Periodic Reporting for period 1 - TQC (Developing the Thermodynamics of Quantum Control)
Période du rapport: 2022-07-01 au 2024-06-30
In this action, the researcher, experienced in Quantum Optics and Quantum Trajectories, has made numerous contributions to the field of Quantum Thermodynamics of quantum measurements. The novel results, focusing on the thermodynamic role of measurement, have since shed light on numerous studies related to quantum control. The work performed during this project has resulted in novel findings, notably regarding the thermodynamic role of quantum measurements and fluctuations outlined in WP1. It has since been written up as an extensive review/tutorial article, fostering collaborations with various research groups at the host institution and others in the European Union and the United States. This extensive manuscript has been published in Physical Review X Quantum. Further building on these results, the researcher has led the proposition of a theoretical protocol—which was subsequently tested—of a generalized Thermodynamic Uncertainty Relation (TUR), also known as a Kinetic Uncertainty relation (KUR), with an Australian collaboration in accordance with WP2 and WP3. These results were subsequently published in Physical Review Applied.
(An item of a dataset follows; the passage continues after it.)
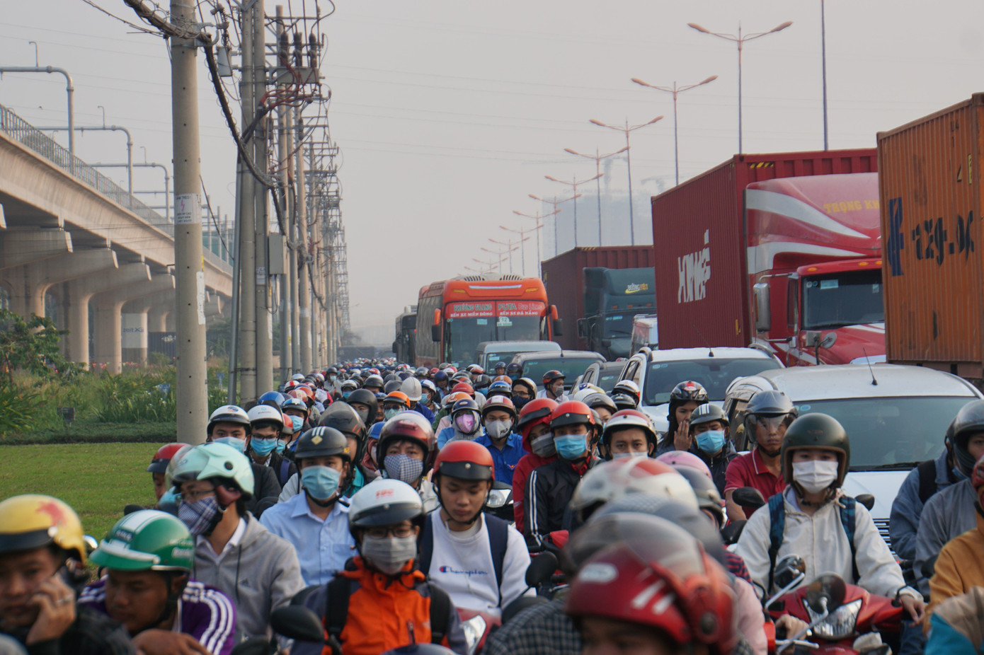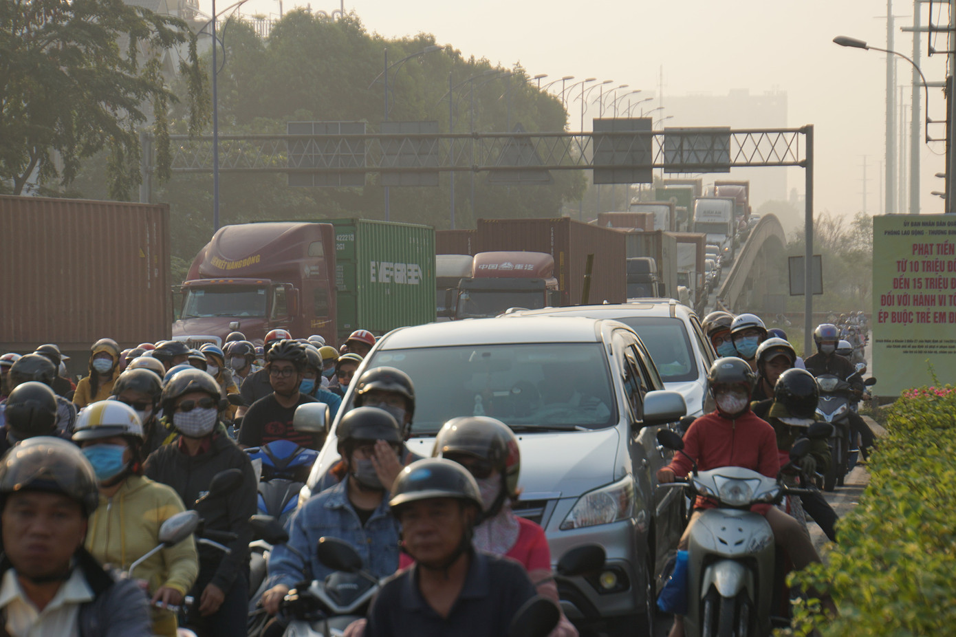 Sáng 17/1 (23 tết), hàng loạt tuyến đường ở cửa ngõ phía Đông TPHCM như xa lộ Hà Nội, Mai Chí Thọ, Đồng Văn Cống, đường dẫn cao tốc TPHCM-Long Thành-Dầu Giây kẹt xe nghiêm trọng.
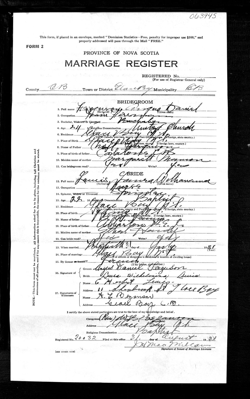 Registration: Year: 1931 number: 63945

Further investigations into the thermodynamics of measurement pertaining to time-keeping, energy extraction, and mesoscopics, fluctuation theorems (FTs) have also been proposed in collaboration with numerous European research groups, listed under publications. These manuscripts further underpin the researcher's success in developing a wide number of protocols in accordance with the stated objective of WP2. The development of the researcher's teaching expertise has also been enhanced by several lectures on quantum measurement theory taught to the Masters of Quantum Technology at the host institution. Dissemination and communication of the results have further been made at numerous conferences and group visits, facilitated by the Marie Curie Budget. Transfer of knowledge between the host and researcher was executed as planned. The host successfully transferred their expertise of thermodynamics, TURs, FTs and many-body physics to the researcher as demonstrated via the extensive list of publications. The researcher successfully transferred their understanding of Stochastic Quantum mechanics to two PhD students, as well as established numerous experimental collaborations between the host and other research institutions.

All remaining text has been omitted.